The Architecture of Commitments and Rewarding in International Law

11.06.2021

This essay engages with the literature on regime design and problem structure in order to propose a set of questions to frame our thinking about rewarding in international law. I am particularly interested in finding out whether the nature of an objectionable policy or behavior should be taken into account when designing the reward. There is a vast literature in International Relations that investigates State behavior with the goal of unpacking the inherent challenges for enforcement and compliance. This is in light of the absence of effective enforcement mechanisms in International Law. Thus, in order to understand shortcomings in State compliance, scholars have increasingly looked into the challenges for behavior modification. According to rationalists, the greater these challenges, the less likely we are to observe timely compliance. Managerialists, on the other hand, point to the need to provide technical capacity and catered exceptions in order to obtain compliance. Of course, this literature is prolific with respect to punishment mechanisms and is comprehensively analyzed by Anne van Aaken and Betül Simsek (2021). But how can insights from this literature help us better understand the relationship between rewards and the objectionable policy or behavior? How can a deeper understanding of the objectionable policy or behavior help us design rewards that will increase the chances of State compliance?

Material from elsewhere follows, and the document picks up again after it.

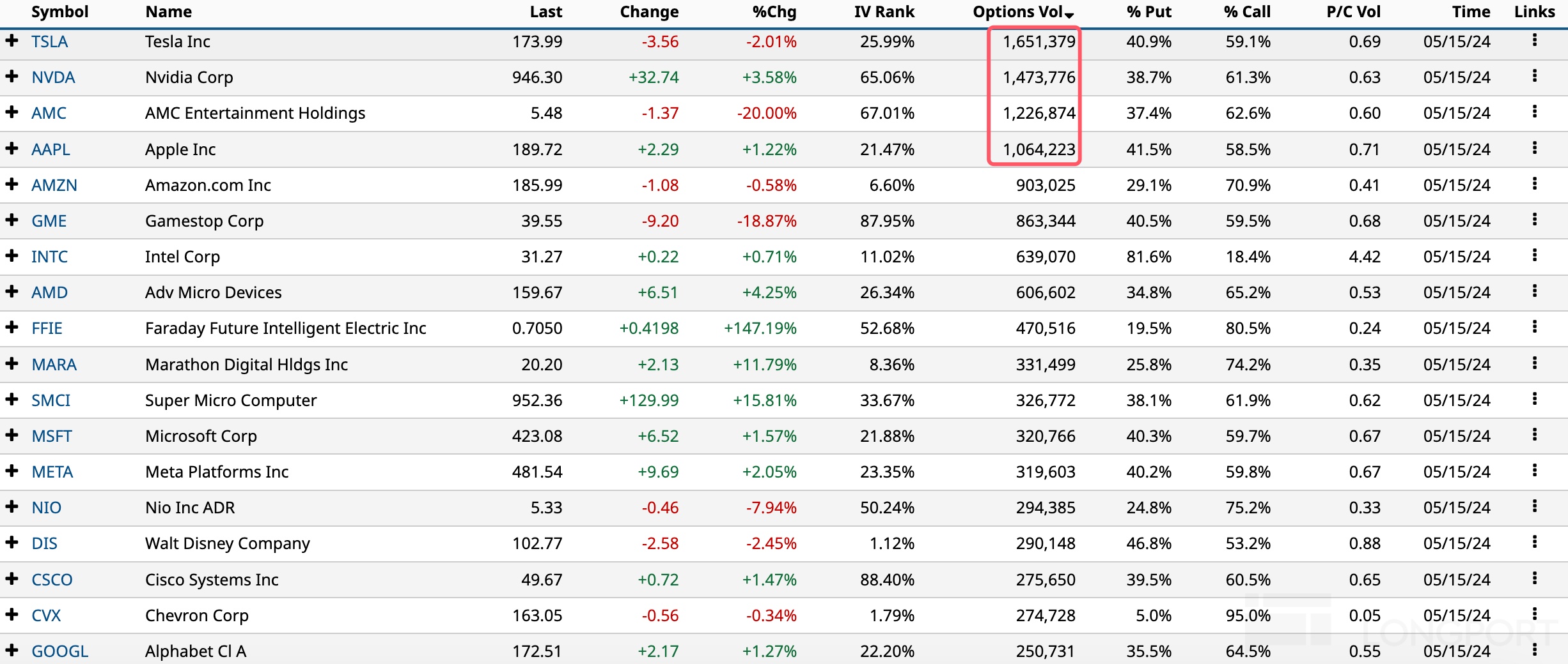 美股期权 | 法拉第未来、英伟达、苹果、亚马逊、AMD 成交暴涨!

Scholars within the regime design and problem structure traditions have long thought systematically about how the nature of issues (problems) is associated with, or even influences, challenges for compliance. For example, when State compliance entails the provision of a public good, challenges to collective action come into place. As a result, full compliance may be halted by the ’free rider‘ problem. Coastal fishing illustrates the point. When two States share a coastal body of water where fishing represents an important source of income for local communities, efforts to prevent overfishing constitute a collective action problem. To borrow from Elinor Ostrom (2015), fish stocks can be analyzed as a common pool resource where exclusion is difficult and consumption is rival. Simply put, States cannot regulate effectively without cooperation, but given the nature of the problem, there are incentives to free ride on another’s efforts to prevent overfishing.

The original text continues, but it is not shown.